なんでも内科診療日誌

とりあえず何でも診ている内科の診療記録

急性膵炎

2020年10月28日 | Weblog

 昨日の火曜日に、内科新患を診ていた若い先生から、腹痛で受診した48歳男性を相談された。

 

 一昨日の日曜日の夜(午後11時ごろ)から腹痛が続いていた。部位は臍部の右下から右下腹部だった。月曜日に内科新患(大学病院からのバイトの先生担当)を受診した。

 内臓脂肪の多い腹部で所見が取りにくい。圧痛はあるが、腹膜刺激症状はないと判断された。腹部X線では異常がなく(腹部単純での判断は無理)、白血球14700・CRP1.1と炎症の初期像を呈していた。

 肝機能障害があるが、血清アミラーゼは正常域だった。虫垂炎・腸炎・胆嚢炎が疑われるという記載があった。痛みは落ち着いているということで、抗菌薬内服で経過観察とされた。

 

 その後も腹痛が続き、翌日の火曜日に受診したという経緯だった。遠慮がちな患者さんで夜間に再受診することもなく、我慢していたようだ。

 血液検査では、白血球15700・CRP26.7と炎症反応が上昇したいた。若い先生が腹部単純CTを撮影して、膵頭部が腫脹しているように見えると放射線技師さんから指摘されていた。膵頭部周囲の脂肪織に炎症像があり、右下腹部の上行結腸まで及んでいた。

 肝臓は著明な脂肪肝を呈していたが、胆道系に異常は認めなかった。血清アミラーゼは正常域だった。何故上がらないのだろうか。

 アルコール摂取を訊くと、ビールを少し飲むが、ここ1週間は飲んでいないという。肝機能障害は過栄養性の脂肪肝で説明がつく。糖尿病(HbA1c7.8%)もあり、健診で脂肪肝とともに指摘されていたようだが、現在休職中で治療は受けていない。

 造影CTを追加した。膵頭部は腫脹して、十二指腸の水平脚の壁肥厚と拡張を認めて、その後腹膜側にも炎症像がある。

 腹痛は月曜日の方が強く感じたという。立派な腹部で所見が取りにくく、腹膜刺激症状と言い難いが、歩くと腹部に響くので腹膜刺激症状ありなのだろう。

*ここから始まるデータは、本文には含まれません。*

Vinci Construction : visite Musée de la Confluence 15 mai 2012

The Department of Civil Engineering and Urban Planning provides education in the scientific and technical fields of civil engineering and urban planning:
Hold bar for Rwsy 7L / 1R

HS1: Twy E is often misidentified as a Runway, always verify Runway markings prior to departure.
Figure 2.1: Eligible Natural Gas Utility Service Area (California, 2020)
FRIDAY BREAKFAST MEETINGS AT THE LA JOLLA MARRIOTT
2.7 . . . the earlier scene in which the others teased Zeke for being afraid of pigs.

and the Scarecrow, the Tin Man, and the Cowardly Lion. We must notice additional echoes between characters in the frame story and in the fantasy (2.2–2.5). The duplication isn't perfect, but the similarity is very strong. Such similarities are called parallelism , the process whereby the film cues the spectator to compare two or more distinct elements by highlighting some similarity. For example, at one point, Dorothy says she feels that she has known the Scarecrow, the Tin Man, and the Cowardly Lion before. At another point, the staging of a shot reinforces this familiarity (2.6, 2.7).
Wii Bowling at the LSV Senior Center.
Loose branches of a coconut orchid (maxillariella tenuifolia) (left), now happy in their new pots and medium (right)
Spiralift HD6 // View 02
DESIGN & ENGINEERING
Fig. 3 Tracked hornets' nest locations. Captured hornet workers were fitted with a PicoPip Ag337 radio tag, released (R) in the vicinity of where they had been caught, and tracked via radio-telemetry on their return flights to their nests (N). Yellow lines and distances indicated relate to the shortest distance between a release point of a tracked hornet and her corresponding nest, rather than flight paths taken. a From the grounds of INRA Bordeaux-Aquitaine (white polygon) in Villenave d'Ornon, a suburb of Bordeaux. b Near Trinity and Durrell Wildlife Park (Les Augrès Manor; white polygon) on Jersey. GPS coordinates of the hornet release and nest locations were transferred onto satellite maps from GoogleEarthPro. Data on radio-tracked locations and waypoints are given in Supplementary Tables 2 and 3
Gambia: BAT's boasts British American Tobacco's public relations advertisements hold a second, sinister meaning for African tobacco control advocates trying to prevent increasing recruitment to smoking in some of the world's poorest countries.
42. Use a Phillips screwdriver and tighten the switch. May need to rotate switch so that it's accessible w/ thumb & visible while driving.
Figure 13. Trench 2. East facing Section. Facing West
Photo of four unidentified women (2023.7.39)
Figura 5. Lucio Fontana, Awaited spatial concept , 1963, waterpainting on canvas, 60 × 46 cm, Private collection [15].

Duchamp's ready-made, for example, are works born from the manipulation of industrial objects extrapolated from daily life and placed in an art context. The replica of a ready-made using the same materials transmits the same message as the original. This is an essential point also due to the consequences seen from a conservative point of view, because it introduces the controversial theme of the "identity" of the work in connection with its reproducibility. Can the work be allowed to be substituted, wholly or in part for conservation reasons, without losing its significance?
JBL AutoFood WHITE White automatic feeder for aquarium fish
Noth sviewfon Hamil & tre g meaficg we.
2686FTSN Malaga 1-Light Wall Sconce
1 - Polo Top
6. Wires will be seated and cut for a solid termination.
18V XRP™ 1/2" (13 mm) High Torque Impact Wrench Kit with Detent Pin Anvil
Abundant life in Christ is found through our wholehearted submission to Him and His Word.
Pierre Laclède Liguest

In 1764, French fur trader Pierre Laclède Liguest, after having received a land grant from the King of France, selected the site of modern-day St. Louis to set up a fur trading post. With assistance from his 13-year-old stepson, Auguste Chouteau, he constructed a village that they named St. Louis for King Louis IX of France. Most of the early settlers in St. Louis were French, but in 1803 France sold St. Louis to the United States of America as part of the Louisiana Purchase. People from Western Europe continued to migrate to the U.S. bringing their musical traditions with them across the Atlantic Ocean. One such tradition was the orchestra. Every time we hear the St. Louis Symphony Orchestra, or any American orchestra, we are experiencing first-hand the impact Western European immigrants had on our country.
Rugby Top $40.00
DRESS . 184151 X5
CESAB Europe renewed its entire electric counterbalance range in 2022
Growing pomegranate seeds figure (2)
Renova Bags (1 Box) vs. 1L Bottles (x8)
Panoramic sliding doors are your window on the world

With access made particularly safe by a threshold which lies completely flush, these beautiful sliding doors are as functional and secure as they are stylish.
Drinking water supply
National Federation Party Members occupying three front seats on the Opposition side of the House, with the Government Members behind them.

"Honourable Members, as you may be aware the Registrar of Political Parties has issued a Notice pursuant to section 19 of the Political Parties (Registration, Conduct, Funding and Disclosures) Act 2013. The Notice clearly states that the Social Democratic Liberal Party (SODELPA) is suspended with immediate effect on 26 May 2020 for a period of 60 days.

 入院して保存的治療で経過をみて治まるのかもしれないが、原因がわからないのと、年齢が比較的若いので、専門医のそろった病院で診てもらう方がよいと判断された(消化器科医にも相談したが、紹介した方がいい言われた)。

 

 別の若い先生の中心静脈カテーテル挿入の立ち合いなどもあり、外来担当の先生に地域の基幹病院消化器内科に連絡するよう伝えた。

 その後、連絡がきて、ベット満床で受け入れできないと言われましたという。別の病院に当たるよう3か所の病院を教えた。その先生(内科専攻医)のホスト病院である医療センターにも連絡したが、現在膵疾患をみる体制が弱く、大学病院にお願いしていると言われたそうだ。結局大学病院で診てもらえることになりましたと、報告がきた。

 大学病院は大袈裟かなあとも思った。消化器科医のここから悪化して来るはずという意見もあるので、急性期はお願いした方がいいのだろう。もし保存的治療で軽快してくれば、その後は当院ですぐに引き取ります。